# Junji Ito was involved in Silent Hills



## Simon (Sep 27, 2015)

I recently started reading some of his work, this game could have been something else.


----------



## scerpers (Sep 27, 2015)

isn't that the guy who does really lackluster horror manga?


----------



## Deathbringerpt (Sep 27, 2015)

Wow.

Just fucking shoot me now.


----------



## Comic Book Guy (Sep 28, 2015)

MOTHER FFFFF------


----------



## Stein (Sep 28, 2015)

Interesting.


----------



## Charlotte D. Kurisu (Sep 28, 2015)

Silent Hills had everything going for it. Damn shame.


----------



## the_notorious_Z.É. (Sep 28, 2015)




----------



## Wolfgang Grimmer (Sep 28, 2015)

scerpers said:


> isn't that the guy who does really lackluster horror manga?



explain                   .


----------



## Krory (Sep 28, 2015)

So                        ?


----------



## Deathbringerpt (Sep 28, 2015)

Lara Croft said:


> So                        ?



So he was the perfect monster designer for the game, you double ^ (use bro). His whole career is all about using plot as a basic framework to draw the most bizarre, freakiest shit you'll ever see in fiction.


----------



## Simon (Sep 28, 2015)

Lara Croft said:


> So                        ?


Kojima was meeting Ito a lot last year, some of this looks like Ito's work.

[YOUTUBE]tVylTfkDP5c[/YOUTUBE]


----------



## Simon (Sep 28, 2015)

Also holy shit, rewatching that. LIKE WHAT THE FUCK KONAMI!

These guys could have made the greatest horror game of all time.


----------



## Patchouli (Sep 29, 2015)

Deathbringerpt said:


> So he was the perfect monster designer for the game, you double ^ (use bro). His whole career is all about using plot as a basic framework to draw the most bizarre, freakiest shit you'll ever see in fiction.



This is true.

His manga have never really scared me. The plot's tend to be dumb most of the time.

But his monster design is wonderful.


----------



## Krory (Sep 29, 2015)

Not true - the perfect monster designer is working on Project Scissor. 

Besides, it's stupid to still fret over this. Del Toro is done with video games forever and Kojima is going to go make Kickstarter games now.


----------



## Deathbringerpt (Sep 29, 2015)

Lara Croft said:


> Not true - the perfect monster designer is working on Project Scissor.



I think he kinda wants to detach himself from Silent Hill in general, probably had enough of the whole thing, being only associated with it and all.
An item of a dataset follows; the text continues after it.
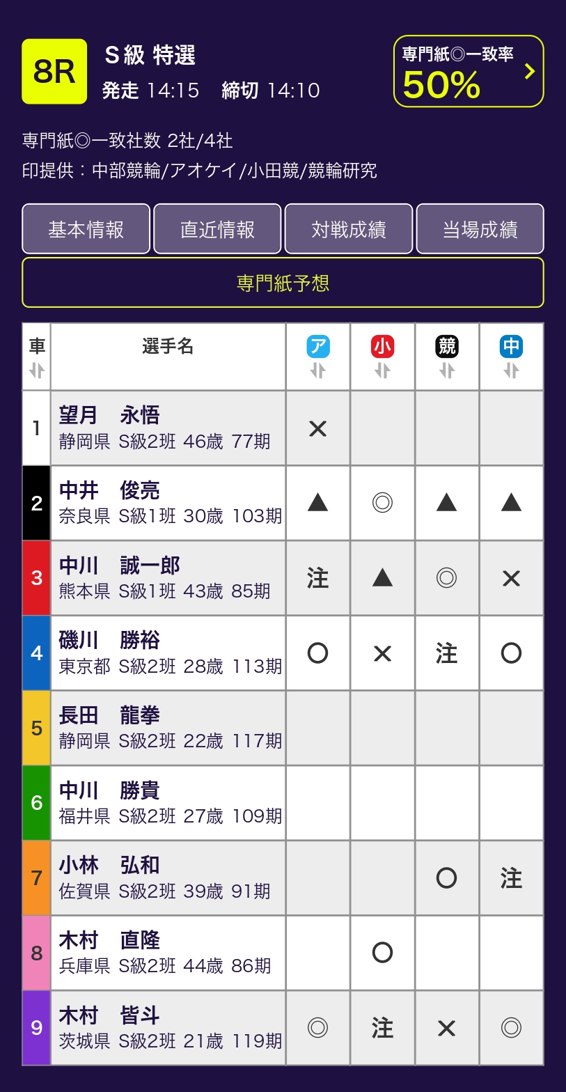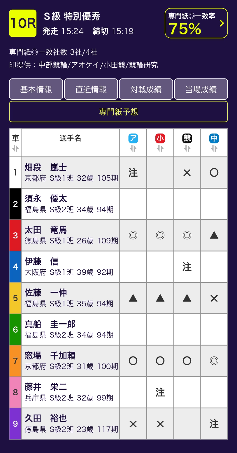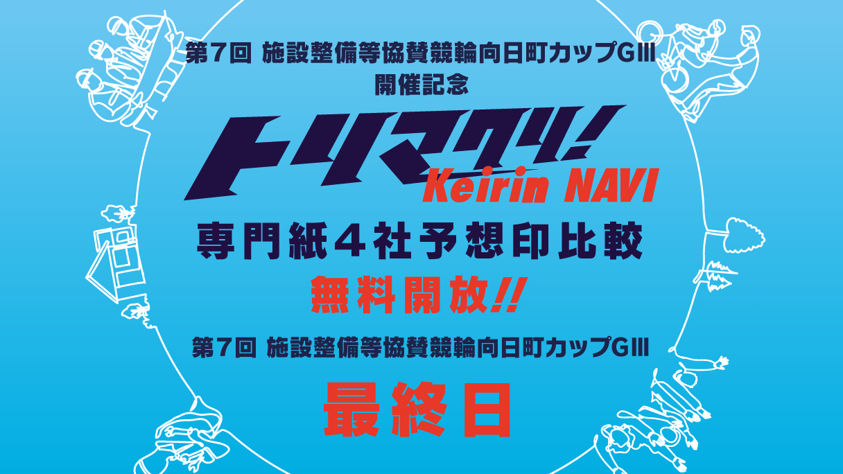 施設整備等協賛競輪京都向日町カップGⅢ 6月8日~11日の開催期間中は毎日、12レース分の専門紙4社の予想印を『無料』 公開! 4社それぞれの記者の予想をまとめてチェック・比較できるのは「トリマクリ」だけ! そこにあなたの予想を加えて、勝率アップを目指そう!

He even refused to draw Pyramid Head for people who pledged the artwork tier.

And I doubt Del Toro is done with video games and that Kojima is going to do crowdfunding stuff, he's either going to join up with some AAA publisher or set up an indie development house that takes AAA contracts, no way he's going to make small scaled shit.


----------



## The World (Sep 29, 2015)




----------



## Simon (Sep 29, 2015)

Lara Croft said:


> *Del Toro is done with video games forever and Kojima is going to go make Kickstarter games now.*


Del Toro has already talked about doing something with Kojima.


----------



## Yongest Kenpachi. (Nov 2, 2015)

the twist is we're all in the Silent Hills world right now. just opened a loop in my fridge door


I can hear them calling me from


M I L K


----------



## Yongest Kenpachi. (Nov 2, 2015)

whoa, what show is that in your sig?


----------